It’s hard to recall a season when Hollywood has been so harshly at odds with so much of its potential audience. On Wednesday, Robert Redford became the latest in a growing string of celebrities to pepper the summer/fall film promotions with reprimands and recrimination.
“We’ve lost our moral foundation,” the Oscar winner told Esquire, speaking of the year-ago presidential election in an interview keyed to the upcoming Netflix release of Our Souls at Night, in which the small-minded gossips of small-town Colorado cluck at his senior moment with Jane Fonda. “We’re the ones who let that happen. We should be looking at ourselves,” said Redford, who was referring to the election, not to his screen relationship with Fonda.

Two days earlier at the Toronto International Film Festival — on September 11 — Guillermo del Toro introduced The Shape of Water, set for release in December by Fox Searchlight Pictures, by comparing America’s current state to a hideous disease. “It’s like a cancer. We have a tumor now,” he told those at a press conference for the film.
“That doesn’t mean the cancer started with that tumor. It was gestating for so long,” he added. His movie, about the similarly troubled Cold War era, purportedly is part of the cure.
Jennifer Lawrence, promoting Mother!, due out Friday from Paramount, might or might not have intended to link the “wrath” of recent hurricanes with American political behavior. But, in an interview with British television, she was clear about her view of the climate back home. “I’ve heard things and I’ve seen things on TV in my own country that devastate me and make me sick,” she said, before walking the remarks back with an “out of context” Facebook disclaimer that is about as likely to fly in the storm-battered heartland as George Clooney’s obscene assault on Steve Bannon, somehow in support of his new movie Suburbicon, due in October from Paramount.
So the awards season is off to an angry start, and that can’t help the movies. Right, wrong or just plain confused, about half the American electorate — and half the potential moviegoing audience — last year moved in a direction of which Redford, del Toro, Lawrence, Clooney and more than a few stars and filmmakers yet to be heard from don’t approve.

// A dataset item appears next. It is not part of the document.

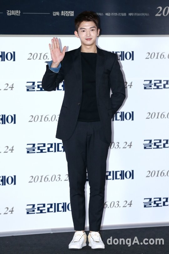 배우 김희찬이 14일 오후 서울 성동구 왕십리CGV에서 열린 영화 ‘글로리데이’ 언론시사회에 참석해 포토타임을 하고 있다.

But lectures and cancer metaphors won’t bring the masses back — not at the voting booth and certainly not in the theaters. Only last month, the audience delivered a sharp, hard slap at Kathryn Bigelow’s Detroit. The film, about the 1967 Detroit riot, was framed as a rebuke. “Even though this story takes place 50 years ago, it feels, sadly, very much like today and therefore tomorrow,” Bigelow told the BBC.
Viewers, for the most part, simply stayed away. And that could happen to Suburbicon, Mother! and a long string of worthy films in the seasonal queue — perhaps clearing the way for an inspirational Best Picture winner from abroad, like, say, Dunkirk, if Hollywood’s sulk doesn’t soon lift.